Ten fetters: the middle four

Following on from the previous post, this is about looking at sense desire, ill will, desire for physical being and desire for non-physical being, the 4th, 5th, 6th and 7th fetters.

It might seem that freedom from the first three, from belief in a separate self, getting past where sceptical doubt can hold us back and where we’re attached to the outer forms of practice, should free us from just about everything. But even when we see this much, even when we gain the peace that comes with this, and develop greater presence in the moment, we still have decades of conditioning that have created our patterns of behaviour, tendencies and everything that makes up the personality.

It’s not that these are fixed, they change all of the time and with seeing more clearly how it is i.e. no ‘self’, there can be some deep changes that take place as things that are seen through drop away. But not everything drops away, at least not at first.

This takes us to the middle four fetters. It’s important to note that the fetters, like the khandas, the factors of awakening and other aspects of Buddhism are ways to support looking or reflecting. It’s not about saying, ‘this is how it is’, it’s more like saying, ‘try looking at it this way’, really just to change our perspective and provide a different lens or filter through which we can regard this human experience. So if it’s useful we’re free to make use of it, if not we set it to one side.

Seeing that anger and irritation can still arise, and seeing that sense desires are still present, even though we may not make a problem out of these, we may wish to see these aspects of our experience more clearly, and so take the time to look.


Desire is an interesting one to take first. Did you ever get the feeling that you want something but you don’t know what you want? This gives a clue; a lead to follow. When we look closely we might see that before desire manifests as any one particular thing, there is underneath it a dissatisfaction with the way things are. There is something in the moment which is perceived to be incomplete, not quite right or in need of changing, for desire to arise. This may be more or less driven by such things as habits or by physical appetites: those hardwired aspects of being that include the need for comfort, hunger, thirst or sexual desire – none of which are of themselves personal in nature.

But whether personal or not, at their heart, all desire arises from dissatisfaction with the way it is. When we see this then we have created a little space around this sensation and can look more closely. And there, underneath, right at the heart of all dissatisfaction is the energy of the desire for being.

The desire for being rather than not-being, is in itself a resistance to what is insomuch as it is a gathering together of energy that would otherwise exist in a homogeneous state. It is therefore a sankhara or temporary arising, but temporary in this case does not mean brief. For this energy or desire is at the core of what binds us to physical being and leads through it’s manifold unfolding to rebirth after rebirth.
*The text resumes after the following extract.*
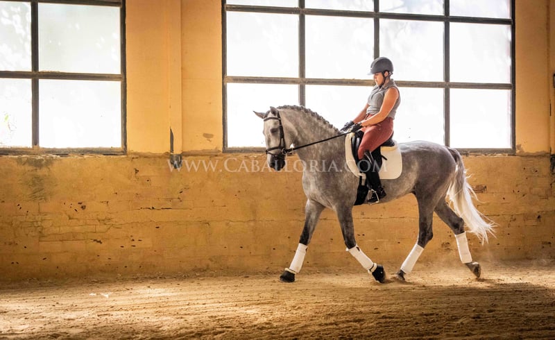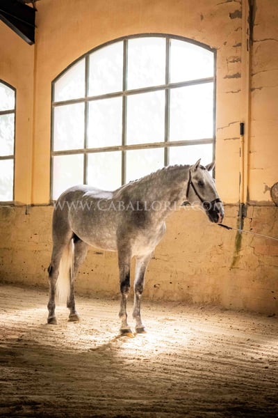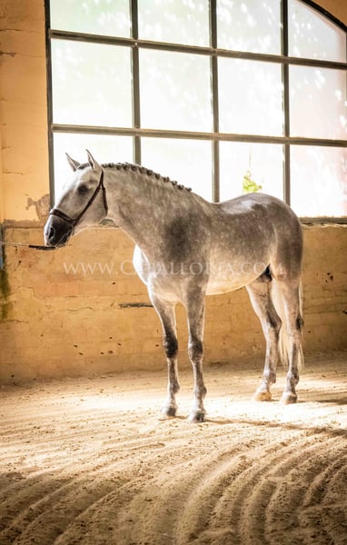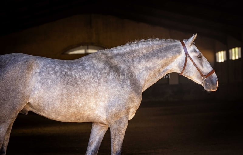 Name: Soimo Date of Birth: 08.06.2020 Height: 1.67 m Training Level: Level 2 ANCCE Classification: Reproductor básico (approved) Soimo is a young and promising PRE stallion with a height of 167 cm. He has an absolutely lovely and uncomplicated character, making him an ideal partner for everyday life. Despite his young age, he has already gained some competition experience, achieving an impressive 70%. Soimo is approved and is currently in training at Level 2 (E), with great potential for the future. More information available upon request! *All visual content, including photos and videos presented by Caballoria S.L., is protected by copyright. This means that reproduction, distribution, exhibition, or any use of these materials without the express written consent of Caballoria S.L. is strictly prohibited. Copyright ensures that creators retain control over their works and are appropriately recognized and compensated for their use.

Behind this vibrant energy of the desire for being lies its less substantial but none the less present shadow, the desire for non-physical being, i.e. the desire for mind to be present.
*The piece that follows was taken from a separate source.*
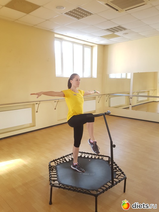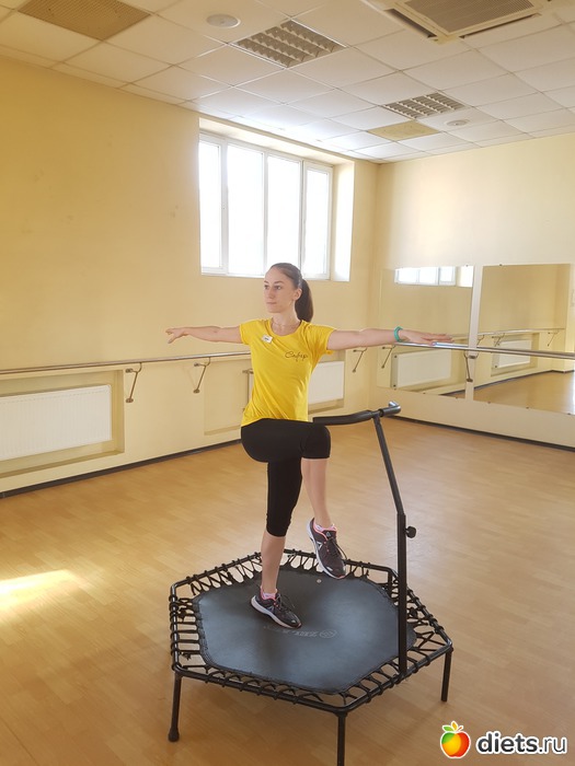 Затем тренер сжалилась над нами и дала небольшой блок на развитие баланса и гибкости. Но оказалось, что балансировать на батуте в йоговской Позе дерева, тоже непросто. Ведь опора батута нестабильна, и сохранять на ней баланс куда сложнее, чем на полу или земле.

The fetter of sense desire grows from the root of desire for being and the same can be said for ill will. If we regard the desire for being – being at all –  as fertile soil, within this the desire for physical being can take root. From this root grow desires related to many aspects of being that may be considered together as desire for wanting this present experience to be in accordance with sustaining being.

This brings in the desire to control, the desire to have what we like, avoid what we don’t like, and resistance to that which arises which does not accord with these desires, which may manifest as anything from boredom, to irritation, grumpiness, anger or rage, depending on the level of energy fuelling it.
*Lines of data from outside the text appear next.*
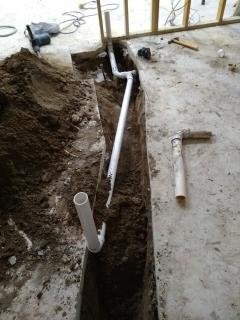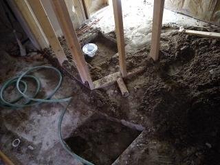 Back in the kitchen, I removed the dirt required to start putting in the drain and supply lines.
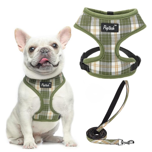 PUPTECK Soft Mesh Dog Harness and Leash Set Pet Puppy Cat Comfort Padded Vest No Pull Harnesses, Olive Green, L
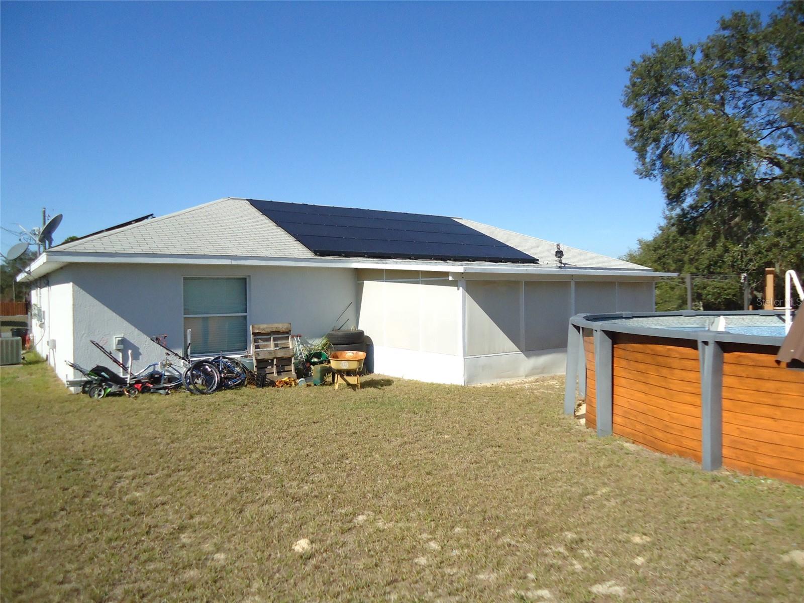 Convenientemente localizado perto do Lago Weir HS e não muito longe de Ocala ou The Villages. Quintal cercado com 2 portões e uma excelente varanda fechada nos fundos, bem como um deck aberto. A piscina de 24 pés de diâmetro acima do solo precisa de algum TLC. Este plano de divisão 3/2 tem uma lavanderia interna e uma bela sala de estar/jantar/cozinha aberta. Garagem para dois carros. Conjunto de painéis solares! Terreno limpo sem árvores. Prédio novo na área, mas sem muito trânsito.

So then even without self-view, without the desire for becoming, as long as the desire ‘to be’ is in place there is still the potential for sense desire to arise, and conversely for ill will to arise.

The first stage in working with these fetters is about our approach. From an impersonal perspective what we’re dealing with is the arising and moving of energy, energy that’s here, energy that’s part of this present moment experience. If we create aversion around this we add more energy, effectively we add fuel to the flames. If we develop an open and welcoming approach then there is no resistance, we’re simply seeing and letting be what is, and this opens the door to both freeing us from identification with what arises, and also allows us to look more deeply – not to fix, not to change, but simply to see.

This form of engaged looking is not about approving of the content of the thought or feeling that arises, but simply recognising that a process is taking place. It’s a normal and natural process and we don’t need to resist it any more than we need to identify with and enact it.

Going back to root, to the desire for being, the challenge here is to realise freedom from this desire without wishing for it’s opposite. It’s not about relishing non-being. It’s about seeing that this energy is present, that it’s part of this experience, this beingness in the moment. Like a candle flame it presents no harm in itself but can be the cause of great harm if handled unskillfully. Yet like all flames it is destined to burn and then burn out.

The fuel which it burns is clinging or attachment, which is born of identification, and arises through the other previous fetters. Seeing through these, releasing these attachments is to gradually purify and remove the fuel from the flame. As with all such aspects of looking, it isn’t about a quick fix or finding a shortcut. But really this is a natural process: awareness is present, looking happens anyway, and when mindfully directed enables us to see how it is with clarity. How it is, is how it is; it is this way; this is Dhamma.